Впрочем, что ходить вокруг да около? Ты мне можешь показать фотографию того человека, что нашли убитым в кювете? Если, конечно, петропавловские товарищи не возражают.
Балакирев нагнул упрямую голову, нарисовал на бумаге не квадрат, не пятиугольник, а что-то странное, кособокое, с выступами и вдавлинами, имеющее несколько углов.

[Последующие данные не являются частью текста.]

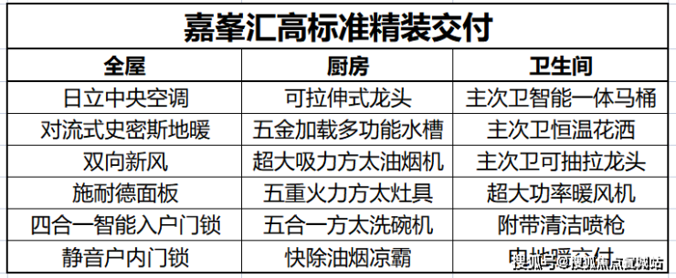 金地嘉峯汇标配中央空调、新风、地暖三大件!且选用日立等国际知名优质品牌!厨卫方面更追加洗碗机、凉霸、主次卫智能马桶等通常只出现在豪宅社区的配置!

— Могу, — наконец проговорил он, сунул руку в стол, где в ящике, рядом с «маслятами» — рыженькими веселыми патронами от пистолета конструкции Макарова — лежали бумаги и конверт с фотографиями, вытянул из конверта один снимок, положил на стол рядом с «геометрией». — Смотри, товарищ Снегирев.
— В руки взять могу?
— Бери!
Кивнув влажной головой, Снегирев подцепил снимок пальцем, придвинул к себе и жестко сощурил кофейные глаза.
— А я ведь, дорогой Петрович, знаю этого человека.
«Дорогой Петрович», — машинально отметил Балакирев, почувствовал, как под лопатку его кольнуло, спросил:
— Неужто знаешь?
— Хочешь, перекрестюсь?
— В бога не верю.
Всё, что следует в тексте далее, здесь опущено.